掛け時計の短針はすでに11時に迫っている。
そろそろ大晦日の歌番組も終盤、大御所歌手が派手な衣装を身に纏って、沸き立つ歓声に目を潤ませていた。
近藤が真向いで欠伸をしたので、名前もつられて欠伸をしたけれど、ちっとも眠くはない。
目尻の端っこに溜まっていた涙がポトリと蜜柑の皮に落ちたところで、ガラス戸の向こうからバタバタと忙しない足音が聞こえてきた。
ぴしゃりと大きな音を立てて戸が開いたので、思わず背筋がピンとなる。
「あ」
「おっ」
「…間に合いやがったか」
三者三様と言った感じで出迎えた人物は、もちろん土方だ。
外が寒かったからなのか、急いで戻って来たからなのか、肩で息をしながら休憩所へ入って来る、その片手には屯所近くのコンビニ名が書かれた大きなレジ袋。
それを炬燵の卓上にドンと置くので、名前は慌てて散らばった蜜柑の皮をゴミ箱に捨てた、レジ袋の中身は雪崩を起こして卓上に広がる。
「何これ」
「年越し蕎麦だよ、ほらポッドの湯入れろ」
赤色のパッケージが特徴的なカップ蕎麦が4つ、土方はせっかちにそれらの透明なフィルムを剥がし、蓋も次々に開けていくので、電気ポットから湯を注ぐのも急かされるのだった。
湯で麺がふやけるまでの間、今日の公務について各々が愚痴を言い合うのだ、途中で万事屋にあってどうたらこうたらとか。
そのうち歌番組も終わってしまって、テレビはとうとう年明けを待つ人々や寺の釣り鐘の中継場面に切り替わった。
3分経ってるのかどうかもあやふやなまま、4人は一斉にカップ蕎麦の蓋を開ける、もうもうとした湯気が顔をくすぐって良いニオイがする。
「今年も1年、お疲れさん」
「毎年毎年、同じツラで年越すのもいいかげん飽きらぁ」
「今年はあたしがいるもーん」
「ハハ、そうだな!今年は名前ちゃんが増えたな!」
除夜の鐘がテレビから鳴り響く、名前の顔は綻んでいる、カップ蕎麦の出汁が温かくて旨い。

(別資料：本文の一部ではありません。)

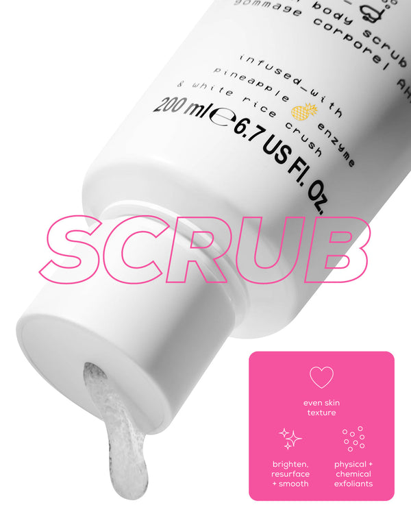 QUOI ? Un gommage corporel chimique et enzymatique pour éliminer les cellules mortes de la peau et laisser la peau douce et soyeuse, lisse et éclatante !

気づけば炬燵の四面が全て埋まっている、卓上には汁だけ残ったカップが4つ並んで、ストーブの暖気が部屋中に漂っていた。
「あ、カウントダウン始まった!」
「10、9…ほら、トシも言えって!」
「俺ぁやらねーよ!」
8、7…と近藤と名前が手振りを加えながらテレビ中継に映る参拝客と一緒になって口ずさむ。

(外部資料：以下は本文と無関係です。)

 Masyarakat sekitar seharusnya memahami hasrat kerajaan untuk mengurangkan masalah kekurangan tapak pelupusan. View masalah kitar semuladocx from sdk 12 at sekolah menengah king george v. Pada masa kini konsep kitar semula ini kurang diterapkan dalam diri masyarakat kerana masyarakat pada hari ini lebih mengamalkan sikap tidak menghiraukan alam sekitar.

6、5…と言ったところで、名前は土方と目が合う、年相応にはしゃぐ彼女の姿に、少し満足げな表情だった。
4、3…なので、片肘ついた土方の右手を無理に引っ張って、自分の手振りに合わせてやった。
2、1…土方は少し焦りながら、恥ずかしさを覚えながら、それでも彼女から手を振り解こうとはしなかった。